(Data excerpts)
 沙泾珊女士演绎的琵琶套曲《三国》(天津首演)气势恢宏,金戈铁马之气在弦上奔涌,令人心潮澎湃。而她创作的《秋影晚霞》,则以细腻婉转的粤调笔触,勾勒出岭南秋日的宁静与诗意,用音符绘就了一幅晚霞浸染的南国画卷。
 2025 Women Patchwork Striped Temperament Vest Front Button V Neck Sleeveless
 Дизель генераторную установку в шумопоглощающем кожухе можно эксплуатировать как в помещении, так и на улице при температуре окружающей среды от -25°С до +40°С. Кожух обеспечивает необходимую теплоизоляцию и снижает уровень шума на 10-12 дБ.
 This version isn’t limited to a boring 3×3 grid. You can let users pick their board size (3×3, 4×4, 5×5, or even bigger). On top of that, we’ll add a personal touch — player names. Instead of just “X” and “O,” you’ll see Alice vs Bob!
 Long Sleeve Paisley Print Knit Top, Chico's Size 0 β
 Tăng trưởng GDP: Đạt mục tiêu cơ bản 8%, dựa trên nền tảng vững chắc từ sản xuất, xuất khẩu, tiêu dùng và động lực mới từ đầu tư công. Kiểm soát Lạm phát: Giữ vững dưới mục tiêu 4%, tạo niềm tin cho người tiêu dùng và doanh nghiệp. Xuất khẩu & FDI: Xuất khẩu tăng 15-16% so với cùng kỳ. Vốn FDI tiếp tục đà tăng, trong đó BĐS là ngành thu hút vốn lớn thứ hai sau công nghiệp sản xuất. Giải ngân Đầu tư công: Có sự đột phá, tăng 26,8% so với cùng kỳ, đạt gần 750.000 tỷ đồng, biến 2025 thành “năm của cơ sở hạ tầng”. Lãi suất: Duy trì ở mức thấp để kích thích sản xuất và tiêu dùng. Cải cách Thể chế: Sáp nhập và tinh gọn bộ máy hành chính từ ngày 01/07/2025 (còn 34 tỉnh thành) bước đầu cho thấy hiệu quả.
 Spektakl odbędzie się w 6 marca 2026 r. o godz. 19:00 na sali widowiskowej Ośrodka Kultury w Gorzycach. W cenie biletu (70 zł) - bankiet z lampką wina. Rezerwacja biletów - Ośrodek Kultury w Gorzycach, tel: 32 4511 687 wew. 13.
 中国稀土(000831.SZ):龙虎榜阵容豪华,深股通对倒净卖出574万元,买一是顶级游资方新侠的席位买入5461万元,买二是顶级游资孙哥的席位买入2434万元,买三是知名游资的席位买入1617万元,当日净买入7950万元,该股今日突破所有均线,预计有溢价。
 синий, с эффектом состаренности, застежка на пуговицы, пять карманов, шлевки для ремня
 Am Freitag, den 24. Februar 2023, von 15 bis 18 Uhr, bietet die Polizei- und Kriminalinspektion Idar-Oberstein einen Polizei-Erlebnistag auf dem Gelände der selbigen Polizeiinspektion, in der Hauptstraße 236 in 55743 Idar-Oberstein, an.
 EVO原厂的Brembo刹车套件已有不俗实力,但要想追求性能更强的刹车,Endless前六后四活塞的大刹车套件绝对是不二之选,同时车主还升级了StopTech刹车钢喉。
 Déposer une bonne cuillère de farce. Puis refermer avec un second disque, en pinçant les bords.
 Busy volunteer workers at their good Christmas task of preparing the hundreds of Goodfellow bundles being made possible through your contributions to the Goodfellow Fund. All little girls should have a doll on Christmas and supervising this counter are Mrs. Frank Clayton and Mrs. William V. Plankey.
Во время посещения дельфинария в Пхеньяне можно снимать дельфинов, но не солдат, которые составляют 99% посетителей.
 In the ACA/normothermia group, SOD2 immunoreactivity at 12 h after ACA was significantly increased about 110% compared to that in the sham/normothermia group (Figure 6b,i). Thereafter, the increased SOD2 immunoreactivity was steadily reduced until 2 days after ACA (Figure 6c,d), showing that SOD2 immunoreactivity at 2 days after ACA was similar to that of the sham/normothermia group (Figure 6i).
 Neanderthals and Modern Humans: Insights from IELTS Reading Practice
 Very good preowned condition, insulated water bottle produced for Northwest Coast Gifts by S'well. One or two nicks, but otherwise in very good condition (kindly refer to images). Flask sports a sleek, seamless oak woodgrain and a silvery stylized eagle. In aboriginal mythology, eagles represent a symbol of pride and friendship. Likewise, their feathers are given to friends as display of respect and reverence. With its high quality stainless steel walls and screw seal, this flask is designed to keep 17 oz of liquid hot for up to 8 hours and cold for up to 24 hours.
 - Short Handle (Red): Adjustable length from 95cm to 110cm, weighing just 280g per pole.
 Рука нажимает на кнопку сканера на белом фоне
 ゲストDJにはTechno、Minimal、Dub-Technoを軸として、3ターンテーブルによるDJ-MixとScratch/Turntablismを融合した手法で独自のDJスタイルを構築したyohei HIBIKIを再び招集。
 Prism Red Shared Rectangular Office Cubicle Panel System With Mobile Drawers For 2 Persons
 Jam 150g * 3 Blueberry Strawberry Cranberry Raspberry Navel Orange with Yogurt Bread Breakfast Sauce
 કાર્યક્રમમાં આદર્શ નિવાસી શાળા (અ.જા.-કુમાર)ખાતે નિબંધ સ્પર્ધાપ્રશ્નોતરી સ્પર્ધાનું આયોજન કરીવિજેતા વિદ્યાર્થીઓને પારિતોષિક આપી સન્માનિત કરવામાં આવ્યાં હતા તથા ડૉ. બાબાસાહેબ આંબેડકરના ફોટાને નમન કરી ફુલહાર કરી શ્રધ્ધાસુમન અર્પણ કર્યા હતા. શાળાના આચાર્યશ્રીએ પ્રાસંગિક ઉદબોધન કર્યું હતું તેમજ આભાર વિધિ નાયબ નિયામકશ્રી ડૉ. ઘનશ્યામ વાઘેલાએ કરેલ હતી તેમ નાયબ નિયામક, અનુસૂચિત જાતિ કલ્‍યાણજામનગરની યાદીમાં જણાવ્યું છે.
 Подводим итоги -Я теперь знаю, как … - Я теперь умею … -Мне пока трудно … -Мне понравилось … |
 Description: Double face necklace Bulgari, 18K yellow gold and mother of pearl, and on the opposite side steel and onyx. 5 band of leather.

§ **WHAT THE EXERCISE ASKS**
Only one stretch of the records above is wanted: the lines between the one holding "Рука нажимает на" and the one holding "Jam 150g * 3", inclusive, reproduced exactly.

§ **SOLUTION TO THE PROBLEM**
 Рука нажимает на кнопку сканера на белом фоне
 ゲストDJにはTechno、Minimal、Dub-Technoを軸として、3ターンテーブルによるDJ-MixとScratch/Turntablismを融合した手法で独自のDJスタイルを構築したyohei HIBIKIを再び招集。
 Prism Red Shared Rectangular Office Cubicle Panel System With Mobile Drawers For 2 Persons
 Jam 150g * 3 Blueberry Strawberry Cranberry Raspberry Navel Orange with Yogurt Bread Breakfast Sauce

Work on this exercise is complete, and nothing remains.